As always, it’s best to close the aperture ring a little to increase depth of field. I always reduce it to F2.8 so it’s still bright, you can reduce further if you are having problems.
Light pollution
We sit just outside an expanding town which is switching to LED streetlighting. Light pollution is an increasing problem. I have purchased a simple ‘light pollution‘ filter to add to the 50mm Nikkor lens. I will be testing this as conditions allow, I wonder if it helps, and I hope it doesn’t block infrared!
Other builds
As mentioned earlier, quite a few makes are now underway with the Instructables project. The first ‘I made this‘ post has appeared (well done Jeff!), and from the messages I have seen there are a few nearing completion.
It looks like the most common pain points have been the PCB (see above) and sourcing the motors and worm gear components. Hopefully PCB sourcing is easier now with the published Gerber files. I saw a couple of cases where people shared a PCB order to reduce costs.
For the worm gear, I wonder if a future design could switch to using planetary gearboxes on the Nema17 motors instead. They seem to be more widely available, and can even be purchased as complete units. They may require a rethink of the drive mechanism, I have ideas already.

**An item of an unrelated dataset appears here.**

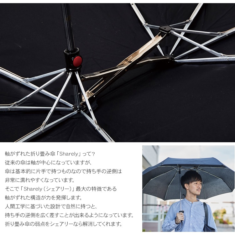 商品説明:傘本来の形を実現!軸がずれた折り畳み傘。

At least one builder is improving the weatherproofing of the design, that will be exciting to see when it is ready. I think there is a lot to learn from that development if it happens.
There are a couple of really interesting alternative motor controller designs out there too, including alternative ways to power/reset the Tiny2040 as well.
Off the shelf motorcontrollers
I mentioned in December that I haven’t found a suitable off-the-shelf motor controller board yet. Well, in the tech world, a month is a long time. I recently came across an announcement from Pimoroni about their new YUKON board. The specifications sound interesting. It supports high current stepper motor drivers, has a modular design and an onboard RP2040. There’s a fully featured builders kit available, but you can also buy the bare board and individual driver components. Pimoroni’s website has a couple of overview videos, and there’s an example robot project on Youtube by Kevin McAleer. I’d like to try one of these at some point, IF I find the time. Maybe someone else will give it a try?